Strange encoding problems - Mailing list pgsql-jdbc

From Shilad Sen
Subject Strange encoding problems
Date
Msg-id 20030910052721.GA5724@nokomis.shilad.com
Whole thread Raw
List pgsql-jdbc
Greetings,

I'm trying to track down an encoding problem I'm having.

I've created a database encoded in latin1 (createdb -E latin1).  I've imported
some data.  I believe this all worked, because when I use psql, the encoded
characters "look" correct.

When a query returns the funny character (in this case Latin1 233, an e with
an acute accent), it looks to me like it returns a utf-8 encoding of the
latin1 encodings of the character.

For example, under Postgresql 7.2 when I set the charSet property to latin1, I
get back the latin1 characters 195 and 169 where 233 should be.  Note that
these two characters form the UTF-8 encoding for character 233.

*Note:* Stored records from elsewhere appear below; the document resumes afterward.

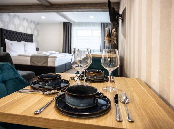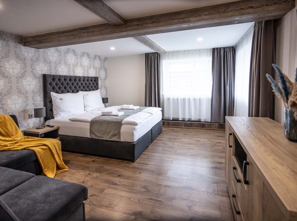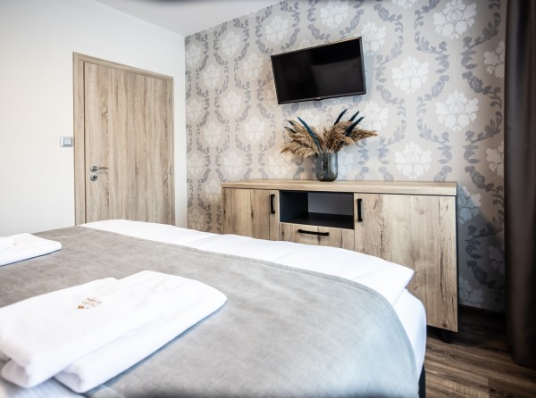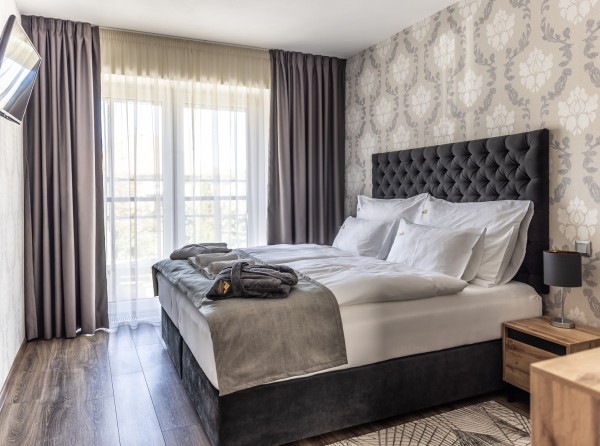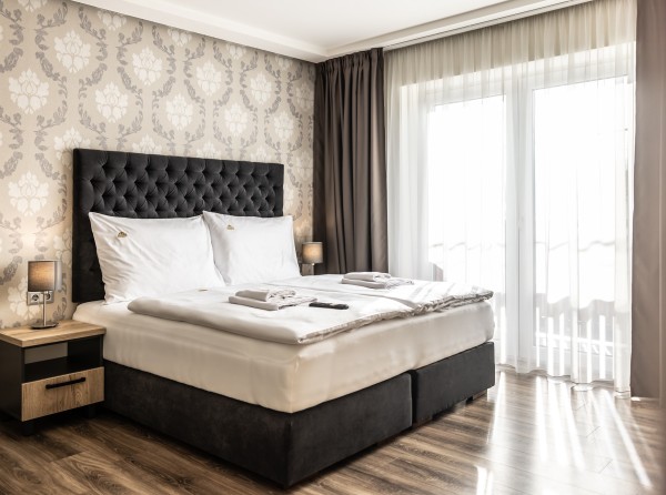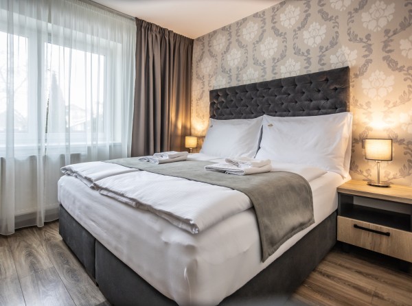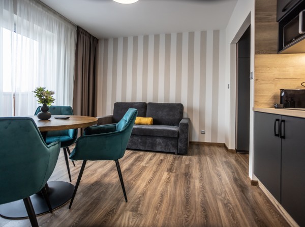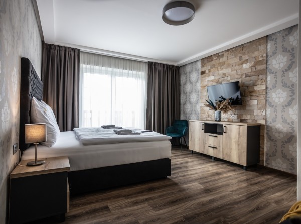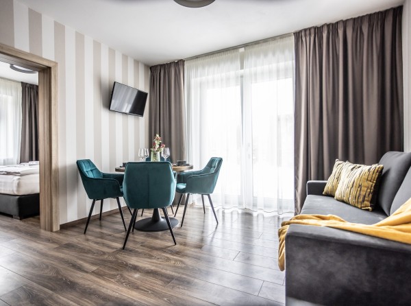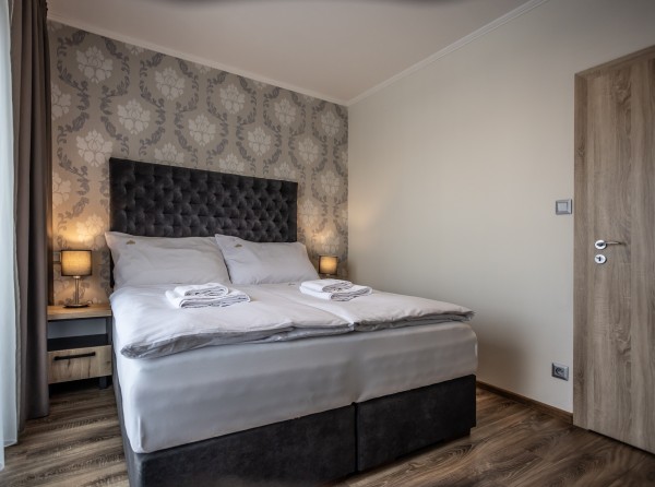 Dvojizbový apartmán Deluxe s celkovou úžitkovou plochou 34 m2 disponuje dvoma menšími izbami.
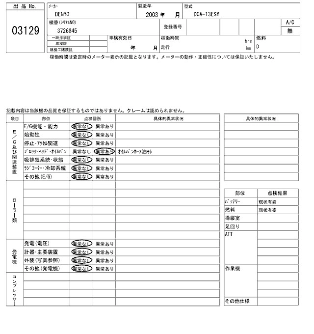 Год выпуска2003 КузовDCA-13ESY КомплектацияDENYO ELECTRICAL GENERATOR
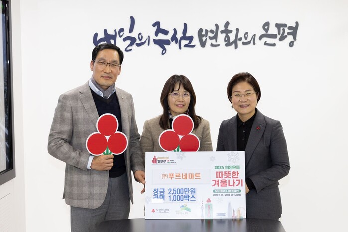 [시민일보 = 이대우 기자] 서울 은평구(구청장 김미경)는 최근 ㈜푸르네마트와 함께 따뜻한 겨울나기 사랑의 이웃돕기 성금 및 성품 전달식을 가졌다고 밝혔다.
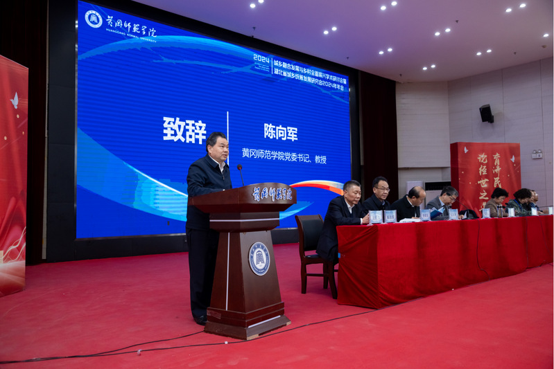 陈向军在致辞中指出,长期以来,学校坚持“立足黄冈、服务湖北、面向全国”,主动对接国家重大战略及区域经济发展需求,充分发挥学科专业及人才资源优势,为地方经济社会发展提供人才和智力支持。城乡融合发展是中国式现代化的必然要求,统筹新型城镇化和乡村全面振兴,是做好2024年经济工作的三个统筹任务之一,是实现城乡融合发展、富裕的根本途径,是全面推进中国式现代化和社会主义现代化强国建设的必由之路。本次会议主题紧跟国家大政方针,聚焦城乡融合发展的新路径、新模式,充分体现了省城乡统筹发展研究会的与时俱进和使命担当,希望与会专家学者以本次学术研讨会为契机,深入学习贯彻党的二十届三中全会精神和习近平总书记考察湖北重要讲话精神,共同产出更多高质量的研究成果,为促进乡村全面振兴、实现城乡高质量融合发展做出更大的贡献。
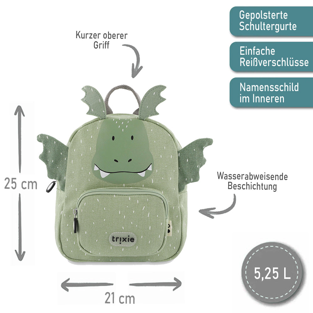 Rucksack + Trinkflasche im Set von Trixie mit Name personalisiert Motiv Drache
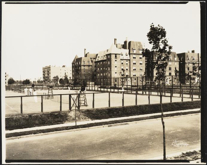 [Hayes Boulevard. Tennis courts and Chateau apartments.]

Under Postgresql 7.3, I get back the UTF-8 characters 195 and 169.  This
probably has to do with the fact that the server is multi-byte.

I'm using the 7.3.4 jdbc drivers.

I've poked through the source, and an even stranger thing is that under 7.2,
the wire-encoding for the character is 2 bytes long, while in 7.3 the wire
encoding is 4 bytes.  Again, in both cases, the decoded value is two
characters that, when treated as bytes would form a utf-8 encoding for 233.

Wow - this is kind of confusing to explain.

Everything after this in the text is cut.